There was once a time when the Klu Klux Klan could march in the thousands with impunity in state capitols across the U.S. South.   But today, mass movements across the country have pushed them back, even despite the electoral win for bigoted Donald Trump. The millions of people in the streets all across the country to protest against Trump (and all that he stands for) has emboldened the social movement.

“We refuse to back down against the endless police murders of Black people. We stand in solidarity with the Black community in Charlotte as they protest against the non-indictment of cop Brentley Vinson who killed Keith Lamont Scott. We stand in solidarity with our immigrant friends who now fear threats of deportation by Trump. Our movement for not one more deportation will keep fighting ahead! “ stated Desmera Gatewood, emcee of the rally.

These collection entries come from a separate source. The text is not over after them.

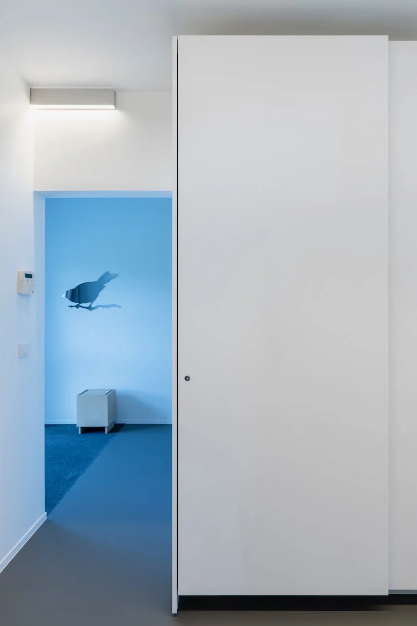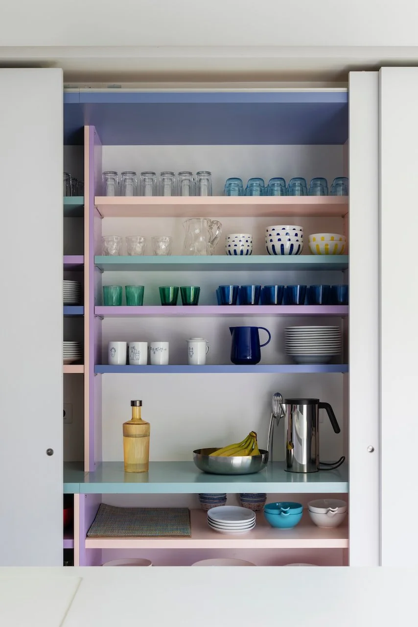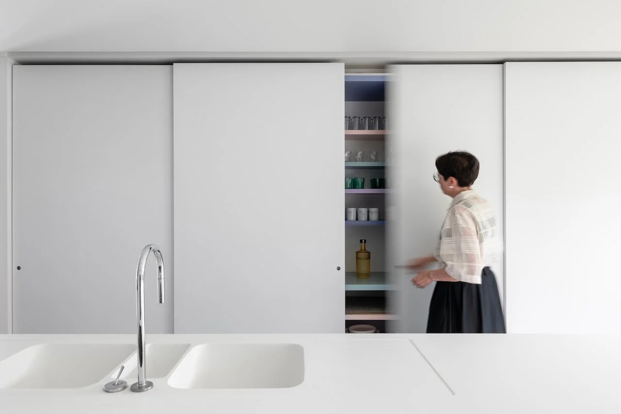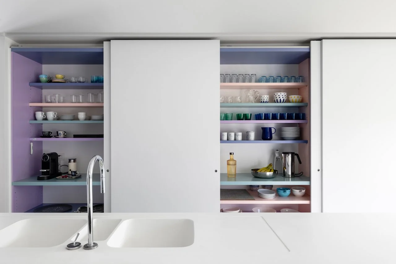 Een bijzonder detail bevindt zich in het maatwerk: de belangrijkste kleuraccenten zitten verscholen in de binnenzijde van de kasten. Pas wanneer ze geopend worden, onthullen ze hun karakter en brengen ze een verrassende dynamiek in de ruimte. Deze bewuste keuze zorgt voor een ingetogen beeld in rust, met een speelse en persoonlijke toets tijdens het gebruik.
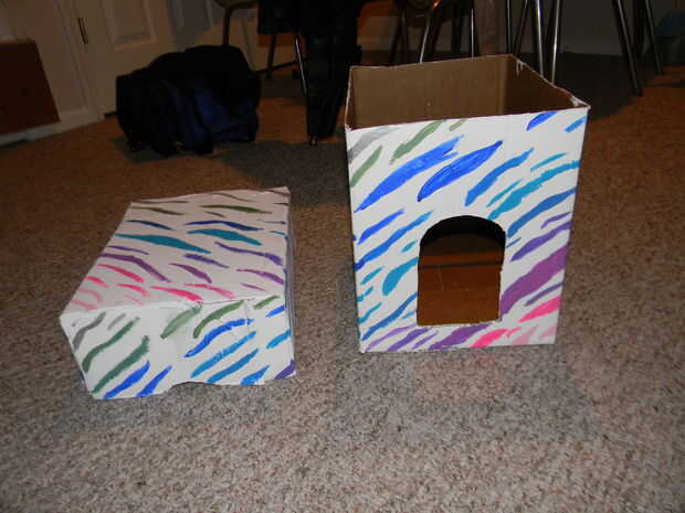 Montar piezas adicionales lo que cada vez que usted ha hecho para su caja, como Torres del castillo, mini balcón, caja de arena y otras cosas de creativos lindo gatito.
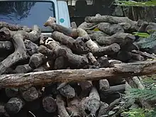 Pterocarpus santalinus was listed as an Endangered species by the IUCN, because of overexploitation for its timber in South India; however, it was later reclassified to Near Threatened in 2018, as the scale of this loss is not properly known.[11] It is also listed in the appendix II of the CITES, which means that a certificate is required in order to export it, that should only be granted if the trade is not detrimental to the survival of the species.[12]
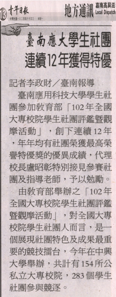 【媒體報導】臺南應大學生社團 連續12年獲得特優
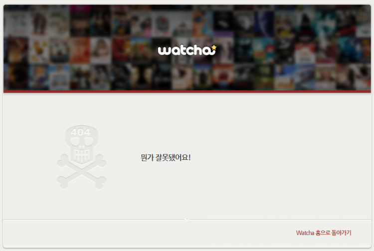 왓챠의 경우 404 해골 마크와 함께 뭔가 잘못되었다고 말합니다. 그리고 왓챠 홈으로 돌아가게 유도하죠. 사실 완벽하다고 볼 수는 없지만 좋습니다. 재미있다면 오류페이지가 나와도 기분이 나쁘지 않습니다.
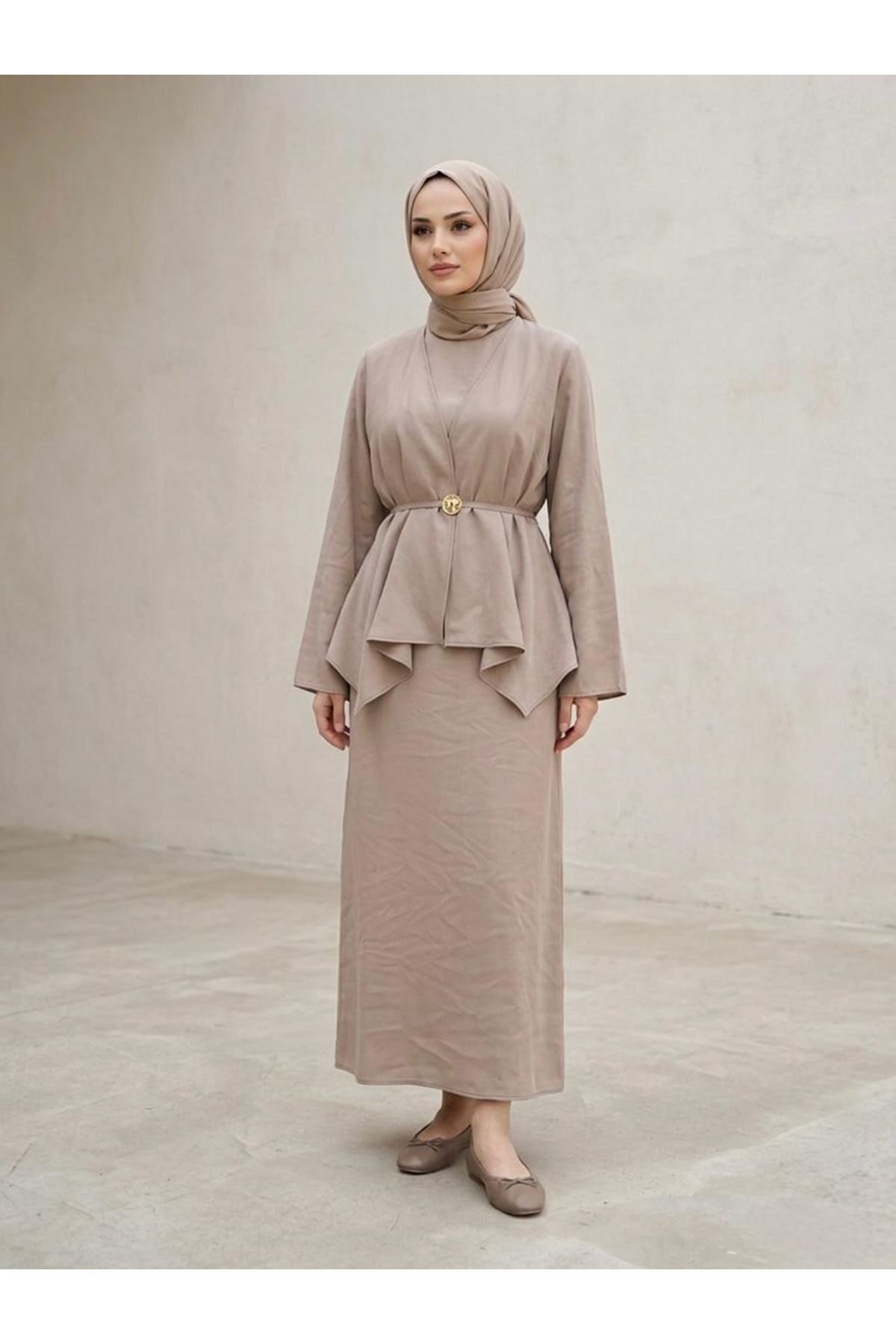 Aksesuar Detay İkili Elbise-Vizon
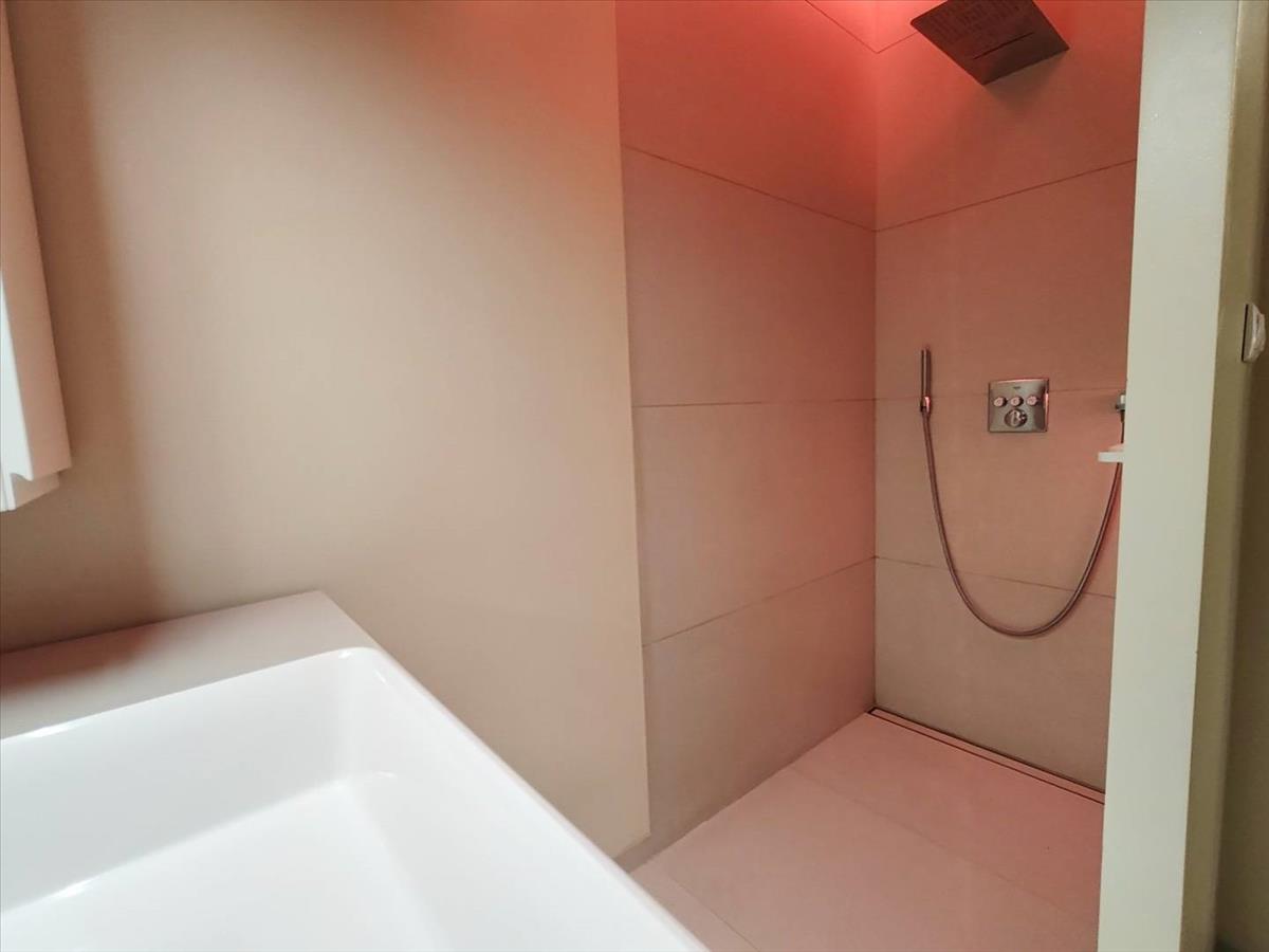 A fürdőszobában épített zuhany van, hangulat beépített hangulat világítással. Az Aeg mosógép és szárítógép beépített, maradnak is.
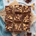 Delight in these Nutella Swirled Banana Blondies, a luscious twist on classic blondies featuring mashed ripe banana, chunks of milk chocolate, chopped hazelnuts, and generous swirls of creamy Nutella. Perfectly moist and sweet with a slight crunch, these blondies are an irresistible treat for any chocolate and nut lover.
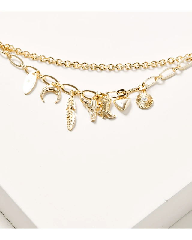 Shyanne Women's Rodeo Sunset Layered Charm Concho Necklace
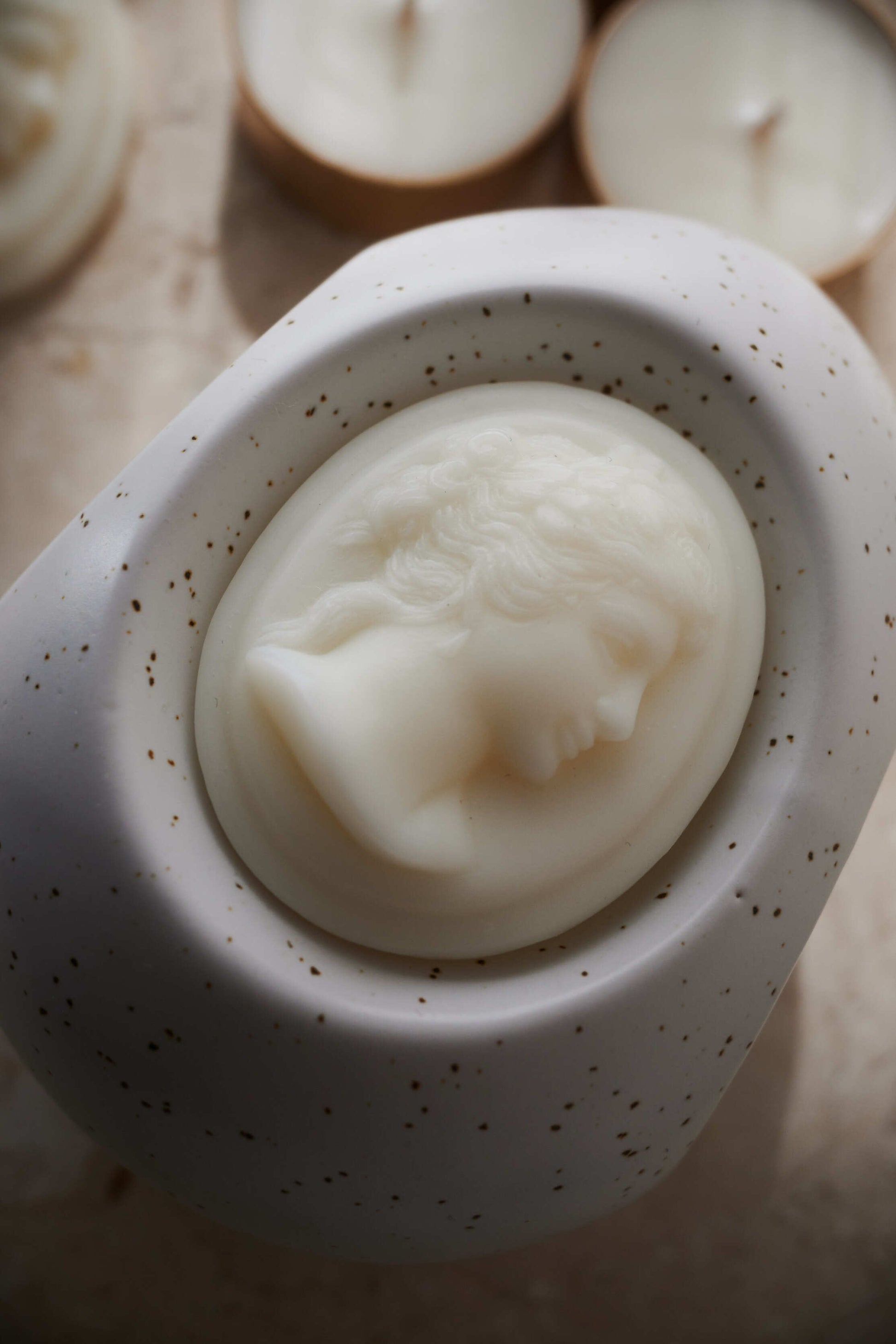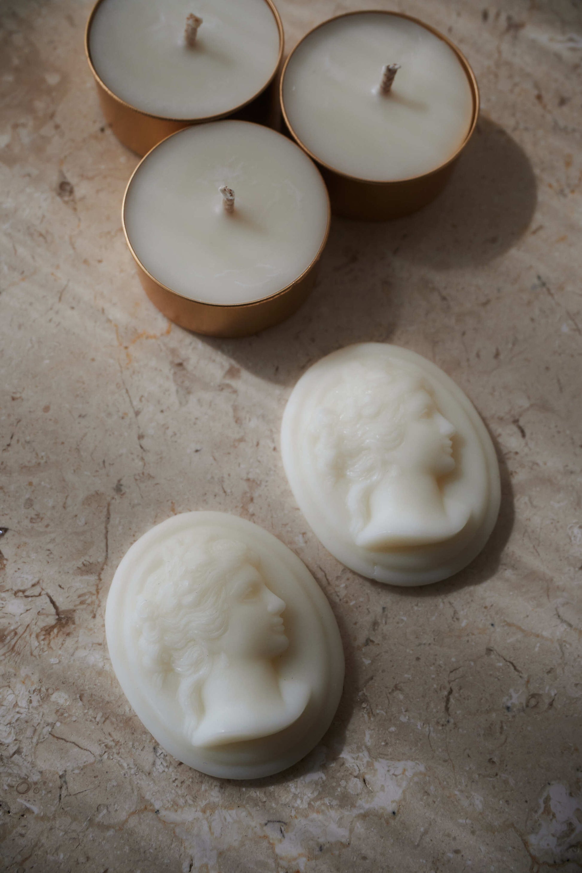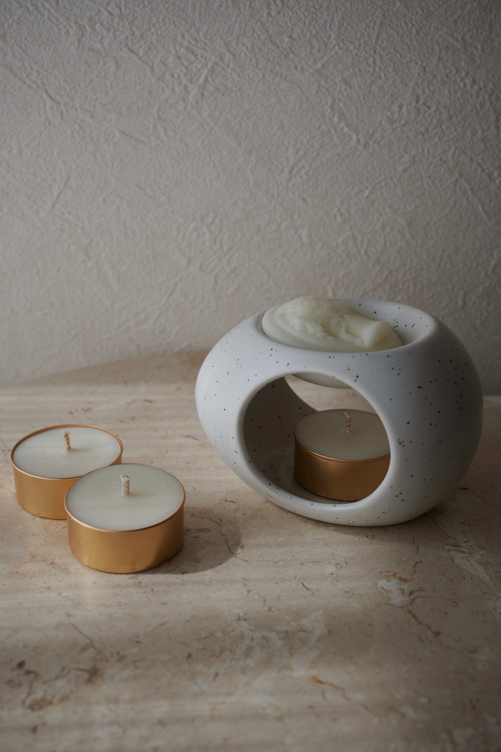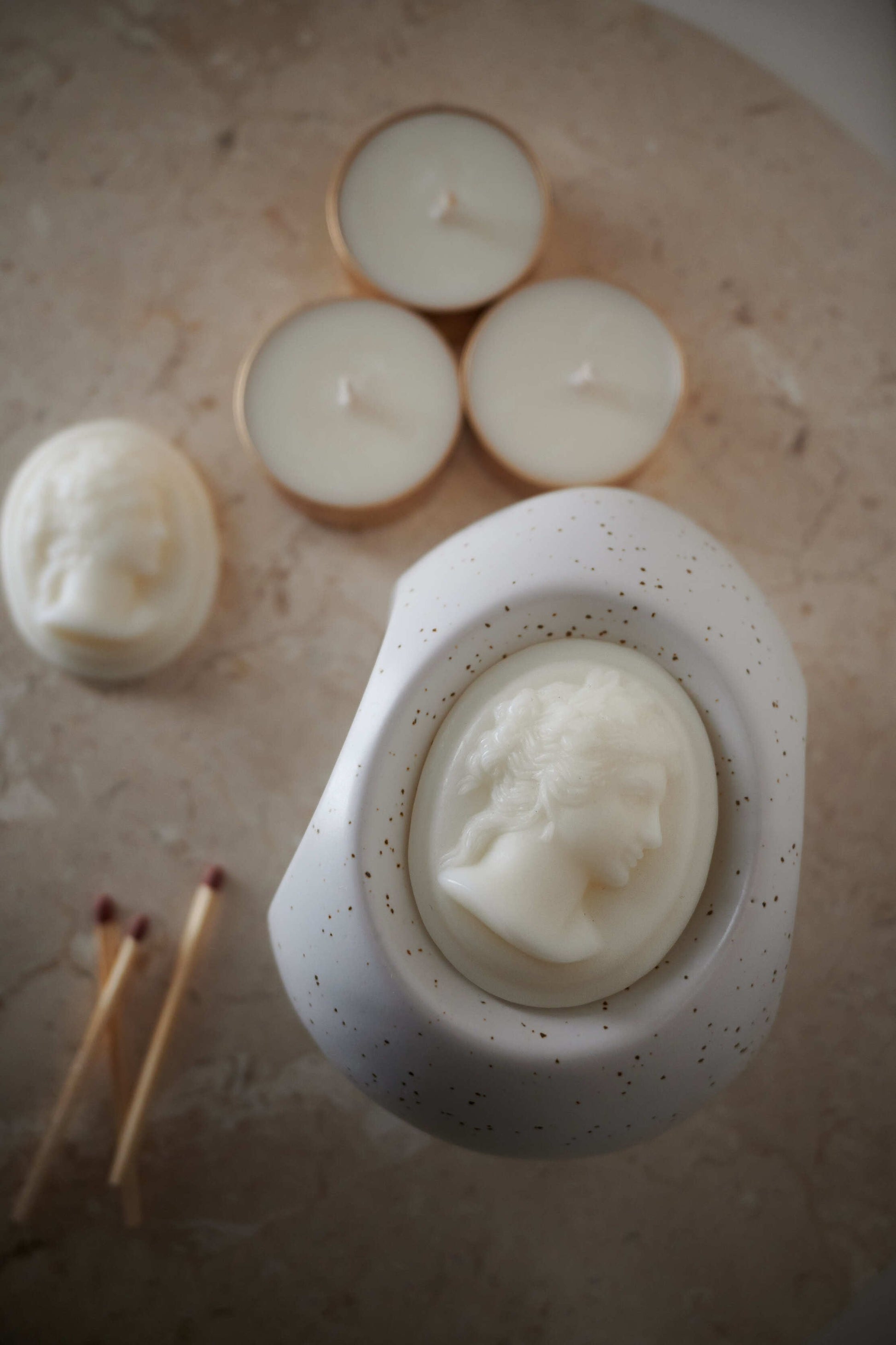 SETに含まれるもの : アロマカメオ2個、ティーライトキャンドル2個、陶器ディフューザー1個

Gatewood continued, “We stand against hate crimes and racist violence against our friends who are labeled terrorists by the state and Trump by virtue of being Muslim. We are also workers fighting for $15 per hour and for collective bargaining rights for public workers! We oppose any new wars that Trump threatens to create. We move forward to advance our struggle for quality public schools and to defend all public services that Trump has threatened to shut down. We won’t let him shut anything down!”

The Triangle Unity May Day Coalition, representing a broad range of freedom fighters and organizations including Black, Latinx, Muslim, immigrant, women, the disabled and workers called the rally to claim that #ThisisourNC, that the state belongs to the people, not to the forces of Wall Street, the wealthy, white supremacists and the police state.  The day after the rally there was a Triangle (Durham, Chapel Hill and Raleigh) area People’s Assembly that drew in hundreds of new people eager to get involved in the social movement.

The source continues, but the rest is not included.